Substâncias auxiliares no tingimento

A utilização de substâncias auxiliares no tingimento para melhor fixação da cor é muito antiga.

Sabe-se que populações da Índia, da América, do Egipto e da Grécia antiga já usavam o alúmen com

este fim.

Vários compostos, ou misturas de compostos orgânicos, foram sendo usados ao longo dos tempos.

Funcionavam como auxiliares na aplicação dos corantes aos tecidos e fibras.A urina foi utilizada

pelos gregos e romanos no tingimento com púrpura de Tiro e com índigo. Sabe-se que os aztecas

também a utilizaram no tingimento com índigo. O leite de búfalo foi usado pelos hindús no

tingimento com a raiz de xaja (ou ruiva indiana). Óleos vegetais, muitas vezes o azeite rancificado,

foram utilizados no tingimento com o vermelho da Turquia. Este último era um processo

complicado, que chegava a demorar vários meses, em que se utilizavam vários mordentes com o

objectivo de obter uma laca aderente ao tecido, formada por alizarina, alumínio e cálcio, sendo a

função do azeite rançoso a de manter os materiais uniformemente distribuídos sobre a fibra.

Algumas destas substâncias actuavam como dispersantes dos corantes no banho de tingimento,

outras ajudavam-no a penetrar no tecido e outras ainda faziam com que a cor ficasse uniforme. Um

destes produtos era o sabão natural pois fazia com que as fibras ficassem molhadas mais facilmente

ao mesmo tempo que ajudava a dispersar o corante. Tinha no entanto o inconveniente de não

poder ser usado em meios ácidos nem em águas muito duras.

Mordentes

Os mordentes são compostos usados em conjunto com corantes que não se fixam às fibras têxteis

quando aplicados directamente sobre estas.

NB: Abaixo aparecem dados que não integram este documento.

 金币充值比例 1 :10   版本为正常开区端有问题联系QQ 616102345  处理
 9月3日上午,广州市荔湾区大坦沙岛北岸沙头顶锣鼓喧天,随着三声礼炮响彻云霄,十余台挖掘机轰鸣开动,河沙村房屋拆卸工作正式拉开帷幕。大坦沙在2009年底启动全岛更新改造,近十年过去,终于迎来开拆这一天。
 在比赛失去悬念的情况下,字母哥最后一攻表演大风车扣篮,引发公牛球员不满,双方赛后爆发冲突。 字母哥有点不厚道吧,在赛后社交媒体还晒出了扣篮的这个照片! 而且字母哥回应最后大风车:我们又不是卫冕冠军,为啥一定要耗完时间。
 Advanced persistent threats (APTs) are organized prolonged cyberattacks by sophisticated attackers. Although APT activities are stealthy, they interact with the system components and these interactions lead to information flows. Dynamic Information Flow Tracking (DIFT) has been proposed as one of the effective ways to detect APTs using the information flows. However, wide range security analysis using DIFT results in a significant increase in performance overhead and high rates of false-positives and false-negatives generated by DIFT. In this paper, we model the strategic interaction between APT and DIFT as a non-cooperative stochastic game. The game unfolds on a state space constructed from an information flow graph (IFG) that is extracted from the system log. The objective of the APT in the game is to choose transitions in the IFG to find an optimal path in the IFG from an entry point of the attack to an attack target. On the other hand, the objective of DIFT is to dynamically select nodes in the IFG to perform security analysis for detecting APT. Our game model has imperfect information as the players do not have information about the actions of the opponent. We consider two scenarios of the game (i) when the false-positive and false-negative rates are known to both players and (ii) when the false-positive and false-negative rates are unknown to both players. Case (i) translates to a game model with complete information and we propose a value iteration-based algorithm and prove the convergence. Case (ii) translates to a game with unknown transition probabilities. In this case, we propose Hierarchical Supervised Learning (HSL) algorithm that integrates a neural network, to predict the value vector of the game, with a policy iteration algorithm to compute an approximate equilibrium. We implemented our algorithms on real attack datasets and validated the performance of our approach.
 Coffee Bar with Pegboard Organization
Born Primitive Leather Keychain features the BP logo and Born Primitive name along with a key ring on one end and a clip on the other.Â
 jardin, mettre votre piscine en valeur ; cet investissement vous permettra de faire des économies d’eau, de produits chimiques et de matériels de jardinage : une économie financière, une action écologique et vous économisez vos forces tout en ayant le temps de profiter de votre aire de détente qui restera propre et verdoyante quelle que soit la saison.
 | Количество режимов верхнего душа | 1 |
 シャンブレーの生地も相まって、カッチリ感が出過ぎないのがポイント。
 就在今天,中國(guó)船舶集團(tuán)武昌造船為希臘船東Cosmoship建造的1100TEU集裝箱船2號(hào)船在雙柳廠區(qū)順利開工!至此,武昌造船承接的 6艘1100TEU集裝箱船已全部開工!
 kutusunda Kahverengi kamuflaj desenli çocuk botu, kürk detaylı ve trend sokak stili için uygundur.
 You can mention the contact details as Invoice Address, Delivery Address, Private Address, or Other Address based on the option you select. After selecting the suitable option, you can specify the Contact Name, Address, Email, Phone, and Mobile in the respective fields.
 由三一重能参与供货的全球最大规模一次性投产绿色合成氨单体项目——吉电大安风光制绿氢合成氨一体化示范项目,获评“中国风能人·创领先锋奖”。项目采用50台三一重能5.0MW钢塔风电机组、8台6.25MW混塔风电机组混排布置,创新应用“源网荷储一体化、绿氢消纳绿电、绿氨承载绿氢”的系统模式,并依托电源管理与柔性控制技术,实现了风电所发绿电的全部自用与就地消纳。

O termo mordente, do latim mordente, particípio passado do verbo mordere, morder, foi

introduzido em 1920 para caracterizar a complexação de um corante com um metal. O metal

agarra-se à fibra “mordendo-a “ e faz o mesmo ao corante, e deste modo realiza a ligação entre

estas espécies: fibra e corante.

Os mordentes são indispensáveis à industria tintureira uma vez que muitos corantes, quando

aplicados directamente, não ficam fixados à fibra a não ser que se aplique um mordente. Esta

situação dá-se tanto com as fibras de origem vegetal como com as de origem animal.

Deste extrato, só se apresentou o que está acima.